My idea was to use expand.grid, but I don't know how to create the list dynamically. Or is there a better approach?
expand.grid(list(c("A1", "No"), c("A2", "No"), c("A3", "No")))
I guess you could create your own helper function, something like that
MyList <- function(n) expand.grid(lapply(paste0("A", seq_len(n)), c, "No"))
Then simply pass it the number of elements (e.g., 3)
MyList(3)
# Var1 Var2 Var3
# 1 A1 A2 A3
# 2 No A2 A3
# 3 A1 No A3
# 4 No No A3
# 5 A1 A2 No
# 6 No A2 No
# 7 A1 No No
# 8 No No No
Alternatively, you could also try data.tables CJ equivalent which should much more efficient than expand.grid for a big n
library(data.table)
DTCJ <- function(n) do.call(CJ, lapply(paste0("A", seq_len(n)), c, "No"))
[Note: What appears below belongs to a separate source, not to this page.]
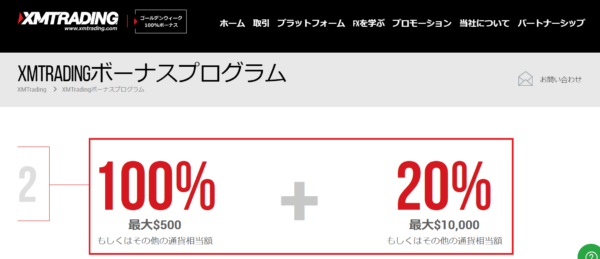 海外FX業者の中でも人気の高いXM Tradingは100%+20%入金ボーナスが常時開催中です。XM Tradingの入金ボーナスは、入金した額に対して2段階のボーナスが設定されており、入金額に対し合計$10,500の金額が付加される豪華ボーナスです。このボーナスは付与回数に制限がなく、ボーナスを1回で受け取るのも複数回にわけて受け取るのも可能です。KIWAMI極口座およびXM Trading Zero口座は入金ボーナス受け取り対象外で、Micro口座、Standard口座でのみ入金ボーナスは付与されます。

DTCJ(3) # will return a sorted cross join
# V1 V2 V3
# 1: A1 A2 A3
# 2: A1 A2 No
# 3: A1 No A3
# 4: A1 No No
# 5: No A2 A3
# 6: No A2 No
# 7: No No A3
# 8: No No No
Another option is using Map with expand.grid
n <- 3
expand.grid(Map(c, paste0('A', seq_len(n)), 'NO'))
Or
expand.grid(as.data.frame(rbind(paste0('A', seq_len(n)),'NO')))
Another option, only using the most fundamental functions in R, is to use the indices:
df <- data.frame(V1 = c('A','A','A', 'A',rep('No',4)), V2 = c('A','A','No','No','A','A','No','No'), V3 = c('A','No','A','No','A','No','A','No'), stringsAsFactors = FALSE)
to get the row and col indices of the elements we need to change:
rindex <- which(df != 'No') %% nrow(df)
cindex <- ceiling(which(df != 'No')/nrow(df))
the solution is basically a one-liner:
df[matrix(c(rindex,cindex),ncol=2)] <- paste0(df[matrix(c(rindex,cindex),ncol=2)],cindex)
> df
V1 V2 V3
1 A1 A2 A3
2 A1 A2 No
3 A1 No A3
4 A1 No No
5 No A2 A3
6 No A2 No
7 No No A3
8 No No No